The Government denies acting illegally over care homes in England, where more than 15,000 people have died with confirmed or suspected Covid-19.

But the Equalities and Human Rights Commission said the case 'raises potentially important issues of public interest and concern as to the way in which the rights of care home residents have been and will be protected during the current coronavirus pandemic'.

The Government and NHS now have to file their detailed evidence by January 22, 2021. It is expected the trial will take place around April or May next year.

In a statement on her crowdfunding page, Dr Gardner added: "Despite the best efforts of the Government and NHS to get the case thrown out the judge ruled that we had an arguable case with reasonable prospects of success.

"The judge recognised the wider public interest in the case and that it affects the lives of many people who have lost loved ones in the pandemic.

"Simply put, he accepted that it is arguable that the Government unlawfully failed to protect the lives of care home residents...

"For the first time we will see what the Government’s reasoning was in making some of the disastrous decisions they took – for example the requirement to urgently discharge patients from hospital without COVID-19 tests in March this year.

"We need continue to raise funds to be able to hold the Government to account for the loss of so many lives.

"I am so grateful for your generosity that has helped us get to this highly significant moment. Please share this page and many thanks again for all your donations and kind comments of support."

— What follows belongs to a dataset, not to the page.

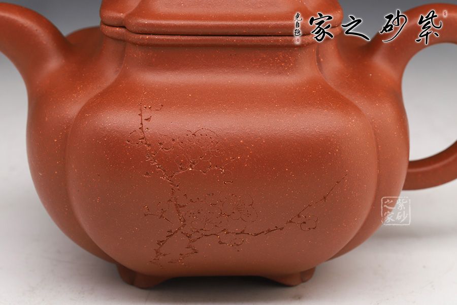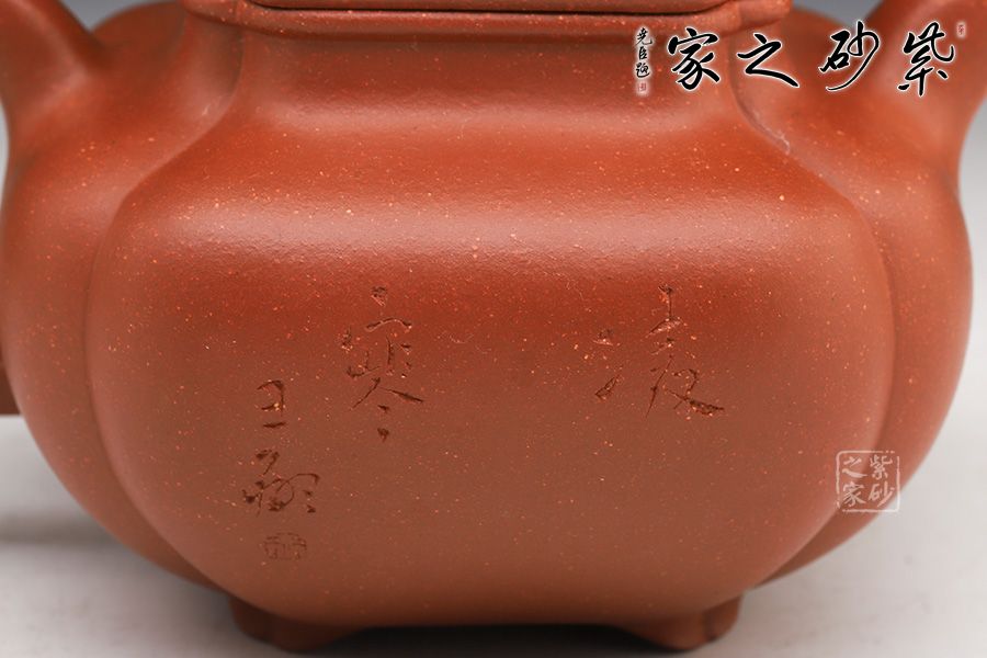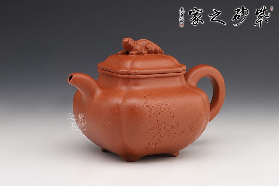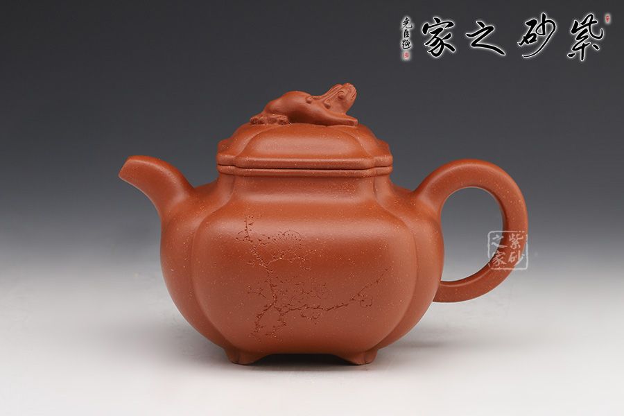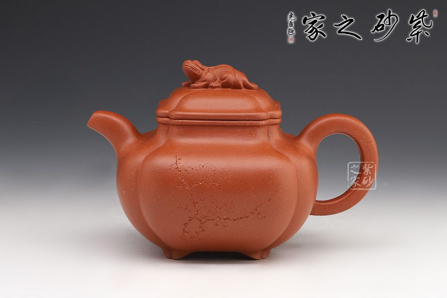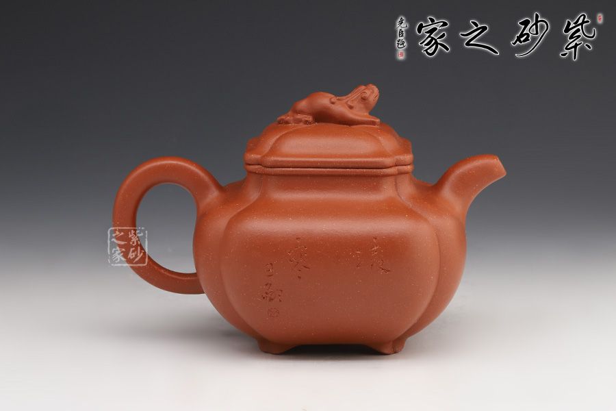 傳爐,經(jīng)典方圓結(jié)合器型,最為考驗(yàn)做壺功底。此壺在傳爐的器型上加以改良,四個(gè)小足做的更加的短小穩(wěn)重,壺身拉長(zhǎng)有韻味,且四邊做了抽角,將方圓結(jié)合凸顯的淋漓盡致。壺鈕是一只抬首望天的蜥蜴,向天問道,配上壺身刻繪“凌寒”二字,有一種一往無前的精神,工料型,寓意俱佳的一把美壺。

The arguments filed by Dr Gardner claim the Government's decisions to prioritise NHS hospital capacity to deal with critically ill Covid-19 patients were 'disproportionate, discriminatory and irrational'.

She also alleges that the Government breached the NHS Act 2006, which obliges the health secretary to take steps to protect the public in England 'from disease or other dangers to health'.

The Government strongly denies the claims and says it took extensive steps to protect staff and residents in care homes. It denies breaching obligations under the European convention on human rights to manage risks posed by the virus to care home staff and residents.

It said the convention must not be used to enforce an 'impossible or disproportionate burden on the authorities'.